Antonio Rangel

Personal information
- Full name: Antonio Jiménez Rangel
- Date of birth: 18 January 1986 (age 39)
- Place of birth: La Gineta, Spain
- Height: 1.85 m (6 ft 1 in)
- Position(s): Centre-back

Youth career
- Albacete

Senior career*
- Years: Team / Apps / (Gls)
- 2005–2008: Albacete B
- 2007: Albacete / 3 / (0)
- 2008–2010: Sangonera / 32 / (1)
- 2010–2012: Almansa / 70 / (9)
- 2012–2014: Conquense / 68 / (2)
- 2014–2016: Guadalajara / 60 / (4)
- 2016–2017: SS Reyes / 33 / (1)
- 2017–2018: Guadalajara / 31 / (1)
- 2018–2020: Alcobendas Sport / 62 / (2)
- 2020–2021: Azuqueca / 27 / (2)
- 2021–2023: Almansa / 60 / (5)
- 2023–2024: Huracán Balazote / 33 / (1)

= Antonio Rangel (footballer) =

Spanish footballer

Antonio Jiménez Rangel (born 18 January 1986) is a Spanish footballer who plays as a central defender.

==Club career==
Born in La Gineta, Province of Albacete, Castilla–La Mancha, Rangel graduated from local Albacete Balompié's youth system, starting his senior career with their reserves in the 2005–06 season, in the Tercera División. He made his professional debut on 3 June 2007, starting in a 0–0 Segunda División home draw against Xerez CD.

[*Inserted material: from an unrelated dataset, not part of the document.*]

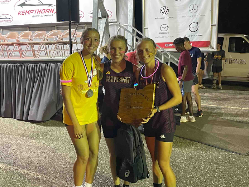The Southeast High School girls’ XC team hit the ground running this year! Julia Dillon is the head coach for the girls’ XC team, and the team leaders are Julia Wheeler and Jenna Canale, and they are the team’s top finishers. The fastest time this year is by Wheeler with a 19:08. The team’s other runners are Jullian Shaffner, Emma Smith, and alternating the 5th spot between Anastasia Sutliff and Eva Corll. The girls have been working hard and even started running in June before practices started to get in top shape for the year. Coach Dillon said, “The girls’ season has been very successful”. She hopes they continue their great season with more top finishes. Go girls’ cross country!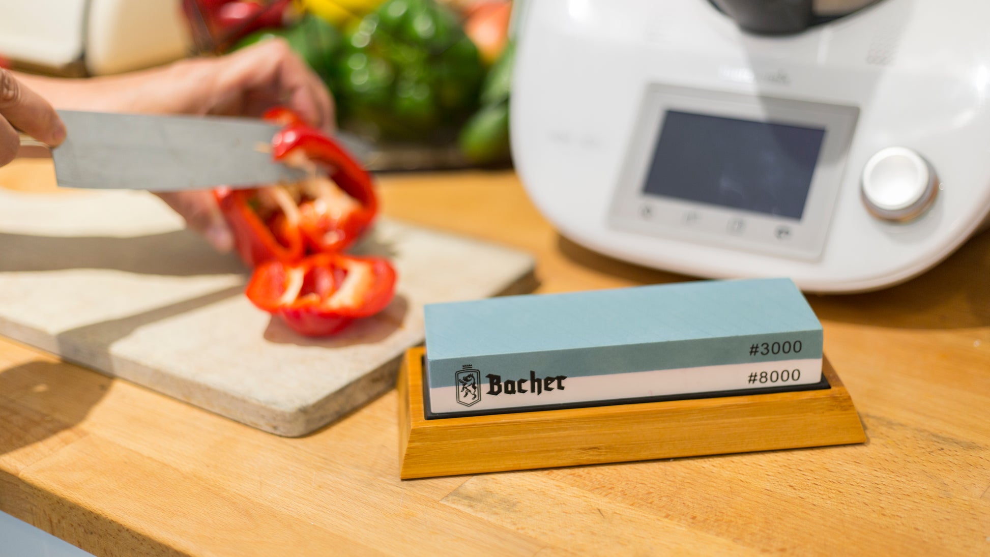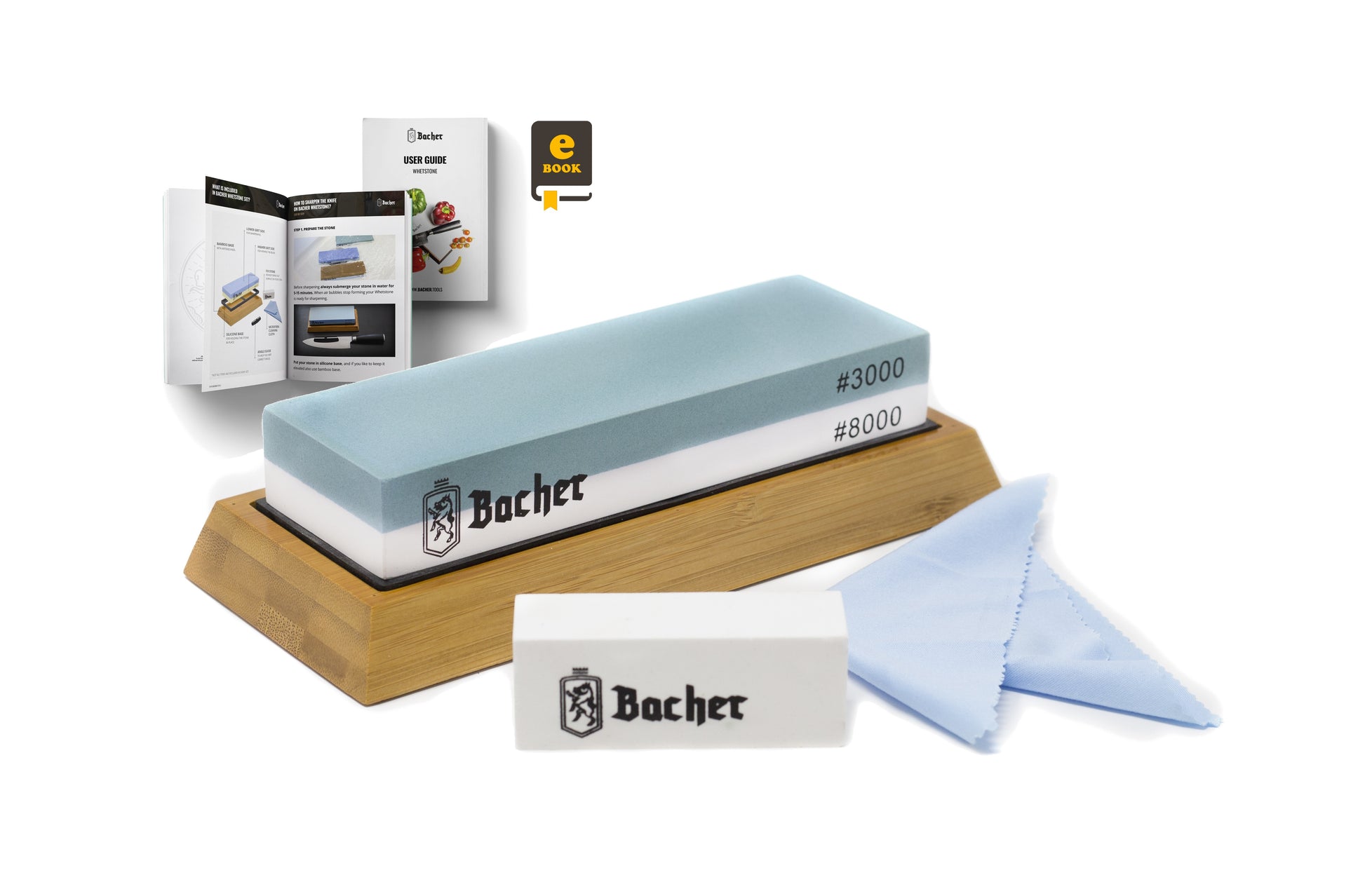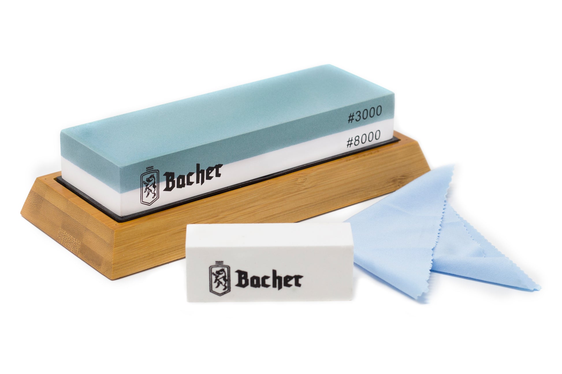 Dwustronna ostrzałka kamienna Bacher przeznaczona jest do ostrzenia wszystkich typów noży kuchennych, outdoorowych, scyzoryków, maczet i wielu innych. Szeroka powierzchnia ścierna kamienia zapewnia odpowiednie dopasowanie do każdego rozmiaru ostrza. Akcesoria dołączone do ostrzałki umożliwiają łatwe, precyzyjne i bezpieczne ostrzenie.

Rangel left Albacete in summer 2008, and competed in the Segunda División B but also in the fourth tier the following seasons, representing Sangonera Atlético CF, UD Almansa and UB Conquense. He achieved promotion with the last of those clubs at the end of the 2012–13 campaign, appearing in 33 matches and scoring twice.

On 6 August 2014, Rangel signed for third-division CD Guadalajara. He continued to play in the lower leagues and amateur football until his retirement, with UD San Sebastián de los Reyes, Guadalajara, Fútbol Alcobendas Sport, CD Azuqueca and Almansa.